自己使用默认参数 写入了一小部分数据,显然没有达到触发flush的条件,都会存储在memtable,所以这里从默认的sst文件获取这个范围的key大小时显然获取不到。
可以继续看更底层的实现:
Status DBImpl::GetApproximateSizes(const SizeApproximationOptions& options,
ColumnFamilyHandle* column_family,
const Range* range, int n, uint64_t* sizes) {
......
Version* v;
auto cfh = static_cast_with_check<ColumnFamilyHandleImpl>(column_family);
auto cfd = cfh->cfd();
// 增加针对当前cf的引用
SuperVersion* sv = GetAndRefSuperVersion(cfd);
v = sv->current;
// 允许同时传入多个range,这里对传入的range进行遍历
for (int i = 0; i < n; i++) {
Slice start = range[i].start;
Slice limit = range[i].limit;
// Add timestamp if needed
std::string start_with_ts, limit_with_ts;
if (ts_sz > 0) {
// Maximum timestamp means including all key with any timestamp
AppendKeyWithMaxTimestamp(&start_with_ts, start, ts_sz);
// Append a maximum timestamp as the range limit is exclusive:
// [start, limit)
AppendKeyWithMaxTimestamp(&limit_with_ts, limit, ts_sz);
start = start_with_ts;
limit = limit_with_ts;
}
// Convert user_key into a corresponding internal key.

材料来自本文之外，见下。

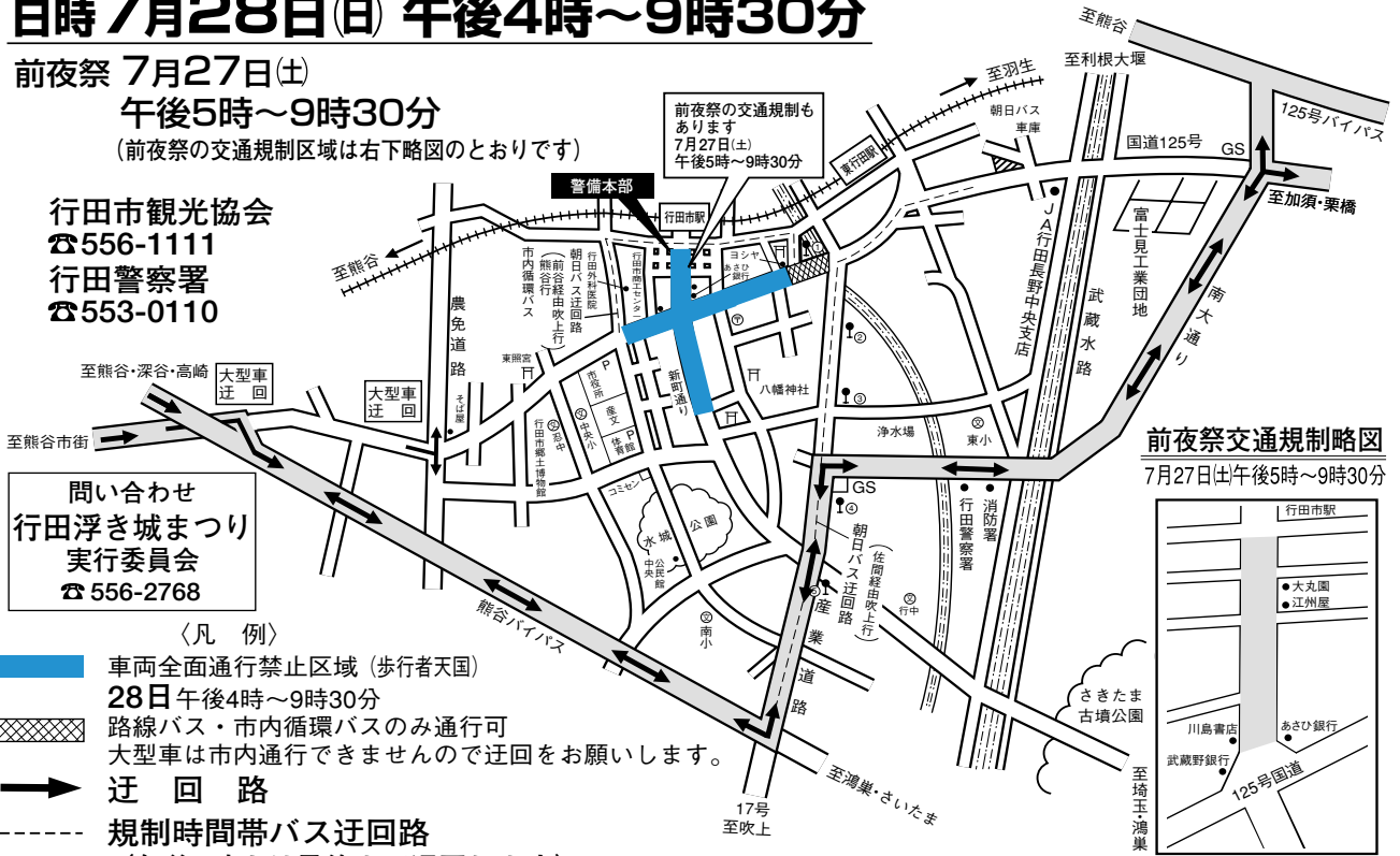
前夜祭交通規制略図 7月27日(土)午後5時～9時30分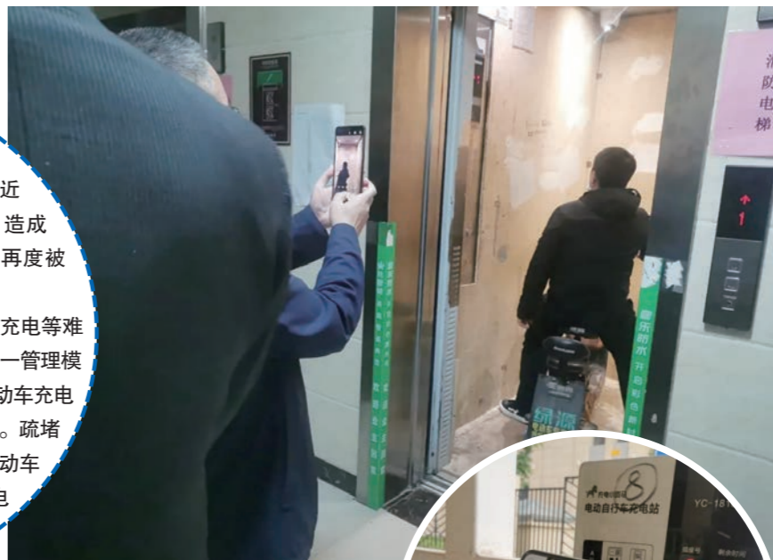
▲工作人员测试电梯禁入装置

9月20日凌晨,北京市通州区一小区发生火灾,造成5人死亡。近年来,电动车起火、自燃等问题频发,造成了不小的生命和财产损失,电动车问题再度被置于舆论中心视野。针对电动车违规停放、上楼入户、飞线充电等难题,津东新城全面规范电动车停放、充电、统一管理。启用黑科技,阻止电动车上楼,新建电动车充电车棚,充电桩,以便电动车充电集中管理。疏堵结合、标本兼治,让居民在楼下实现电动车安全停放和充电自由,才能真正让电动车“不上楼”。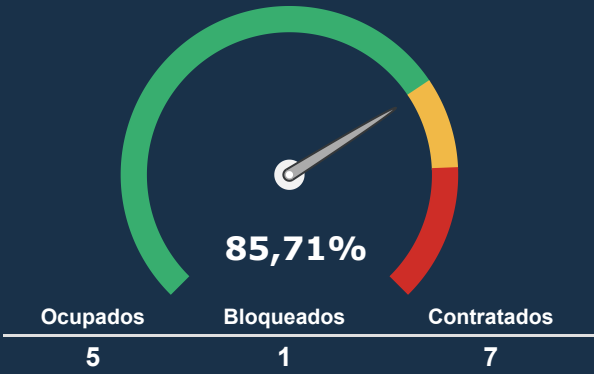
UTI NEONATAL *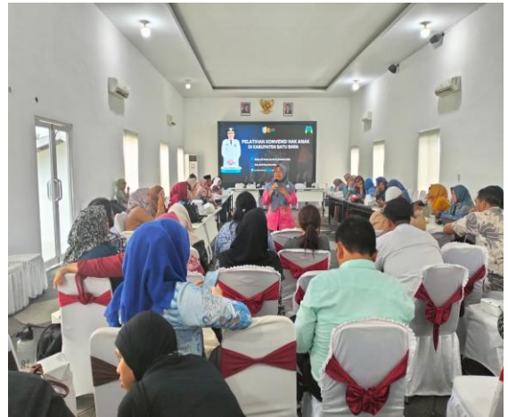
Kegiatan Pelatihan Forum Anak Kabupaten Batu Bara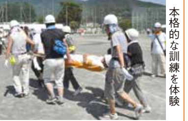
本格的な訓練を体験

午前9時に防災行政無線と緊急情報メールで、訓練開始をお知らせします。小・中学生も積極的に参加しましょう。 📅8月31日(日) 午前9時～正午 📄自治会避難場所、市内小・中学校などの広域避難場所 緊急情報メールに登録を 防災訓練の発災連絡のほか、火災、防犯、行方不明者の捜索などの情報を提供します。 登録方法 hadano@entry.mail-dpt.jpに空メールを送信し、返信されるメールに従って手続きをしてください 📄防災課☎(82)9621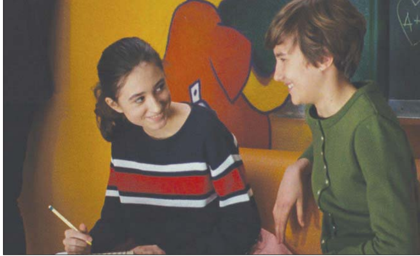
من الفيلم الفرنسي «سولانج الصغيرة»

InternalKey k1(start, kMaxSequenceNumber, kValueTypeForSeek);
InternalKey k2(limit, kMaxSequenceNumber, kValueTypeForSeek);
sizes[i] = 0;
// 从sst文件中取指定key范围的大小
if (options.include_files) {
sizes[i] += versions_->ApproximateSize(
options, v, k1.Encode(), k2.Encode(), /*start_level=*/0,
/*end_level=*/-1, TableReaderCaller::kUserApproximateSize);
}
// 从memtable中取出指定key范围的大小,包括mem和imm
if (options.include_memtabtles) {
sizes[i] += sv->mem->ApproximateStats(k1.Encode(), k2.Encode()).size;
sizes[i] += sv->imm->ApproximateStats(k1.Encode(), k2.Encode()).size;
}
}
// 释放对superversion的引用
ReturnAndCleanupSuperVersion(cfd, sv);
return Status::OK();
}
再对应到从sst文件的blockbased table中取数据,需要创建blockbased的index的iter来取start-end key所属的datablock的偏移地址。
如果要从memtable 中取数据,也就是需要遍历skiplist,顺序逐层遍历跳表,找到属于start-end范围内的所有key的个数,统一计算大小。
经过上面一轮的分析,我们就知道了想要通过GetApproximateSizes 获取准确的一个区间内的key-value大小,需要同时计算memtable+sst的大小,这才足够精确。
ps: 同样的数据放在memtable和放在sst中是不一样的,因为sst中除了data-block中key-value数据,还有indexblock,还有metaindex,还有footer。所以统计同样的数据在memtable和sst中会有一些差异。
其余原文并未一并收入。